点击左上角的 File 菜单，选择 New notebook。

为了在 Google Colab 上提供一个更友好的界面，可以使用表单来让用户输入必要的参数。以下是经过优化的代码示例，包括所有必要的手工调整部分以及表单输入。

第一步：安装必要的库

!pip install llama-index llama-index-core llama-index-embeddings-openai llama-parse openai python-docx fpdf google-auth google-auth-oauthlib google-auth-httplib2 google-api-python-client

第二步：存取 Google Drive

import os
from google.colab import drive

# 设置路径
THESIS_LOC = '/content/drive/MyDrive/PDFtranslate/'  # @param {type:"string"}
drive.mount('/content/drive')
os.chdir(THESIS_LOC)
os.listdir()

第三步：设置 Llama-Parse 和 OpenAI API 密钥

import nest_asyncio
nest_asyncio.apply()

LLAMA_PARSER_KEY = 'your-llama-parse-key'  # @param {type:"string"}
OPENAI_KEY = 'your-openai-key'  # @param {type:"string"}
os.environ["LLAMA_CLOUD_API_KEY"] = LLAMA_PARSER_KEY
os.environ["OPENAI_API_KEY"] = OPENAI_KEY

第四步：设置 Llama-Parse 用的 LLM 模型

from llama_index.llms.openai import OpenAI
from llama_index.core import Settings

LLM_MODEL = "gpt-3.5-turbo-0125"  # @param {type:"string"}
llm = OpenAI(model=LLM_MODEL)
Settings.llm = llm

第五步：加载 PDF

from llama_parse import LlamaParse
from IPython.display import display, Markdown, Latex

PDF_FILE = "Case-23_cr_00118_Transcript-31-05-2024.pdf"  # @param {type:"string"}
parser = LlamaParse(result_type="markdown")

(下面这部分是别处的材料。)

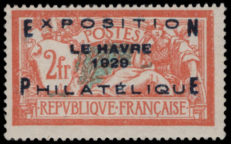 FRANCE, 1929, 2fr LE HAVRE PHILATELIC EXHIBITION NH, #245, fresh, mint never hinged, fine-very fine, signed Brun, cat. $1,325.00, Yvert #257A @ €1.650.00 (Image)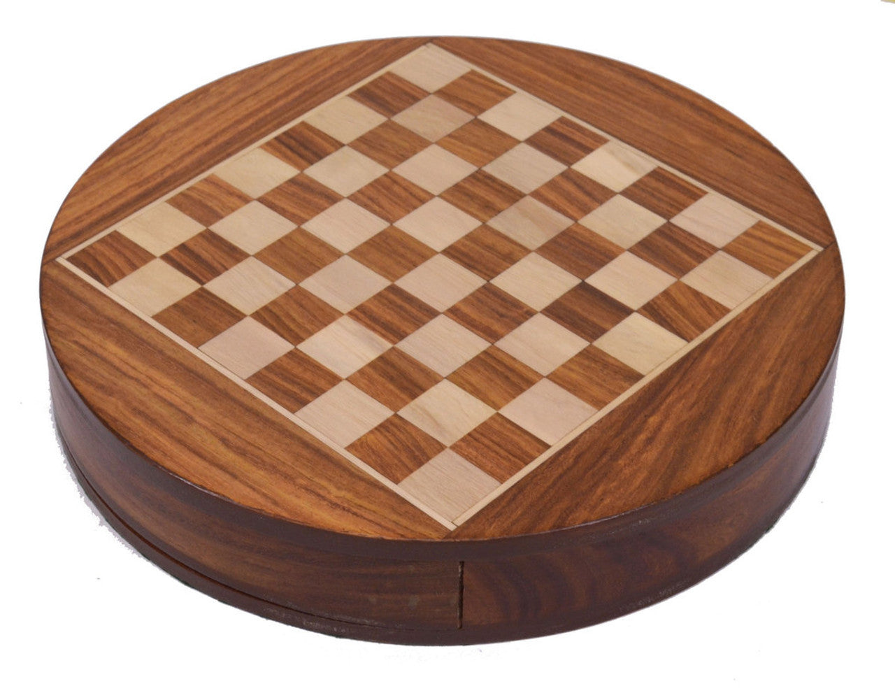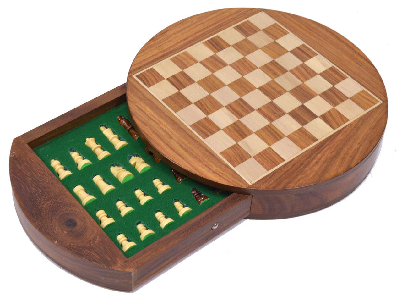 This unique 9″ round magnetic chess set features a 6″ playing surface and a 1.25″ king. Strong magnetic pieces hold firmly in place, making it ideal for travel or casual play. The built-in storage drawer keeps all pieces neatly organized and protected when not in use, ensuring the set is always ready for your next game.

md_documents = parser.load_data(
    file_path=PDF_FILE
)

print(md_documents[0].text)

第六步：使用 GPT 解析 Markdown 文件

from llama_index.core.node_parser import MarkdownElementNodeParser

node_parser = MarkdownElementNodeParser(
    llm=OpenAI(model=LLM_MODEL), num_workers=8
)
nodes = node_parser.get_nodes_from_documents(md_documents)
base_nodes, objects = node_parser.get_nodes_and_objects(nodes)
display(Markdown('\n\n'.join([t.text for t in nodes])))

第七步：使用 ChatGPT 翻译

import openai

openai.api_key = os.getenv('OPENAI_API_KEY')

TRANSLATE_MODEL = "gpt-3.5-turbo-0125"
SYSTEM_PROMPT = '请你成为文章翻译的小帮手，请协助翻译以下法庭文件，以简体中文输出'

def translate_text(text):
    completion = openai.ChatCompletion.create(
        model=TRANSLATE_MODEL,
        messages=[
            {"role": "system", "content": SYSTEM_PROMPT},
            {"role": "user", "content": text},
        ]
    )
    return completion.choices[0].message['content']

translated_text = []
for node in nodes:
    translated_text.append({
        'original': node.text,
        'translated': translate_text(node.text)
    })

# 显示翻译结果
display(Markdown('\n\n'.join([f"**Original:**\n{t['original']}\n\n**Translated:**\n{t['translated']}" for t in translated_text])))

第八步：保存翻译结果为中英文对照的 Word 和 PDF 文件

import os
from docx import Document
from fpdf import FPDF

DONE_LOC = os.path.join(THESIS_LOC, 'done')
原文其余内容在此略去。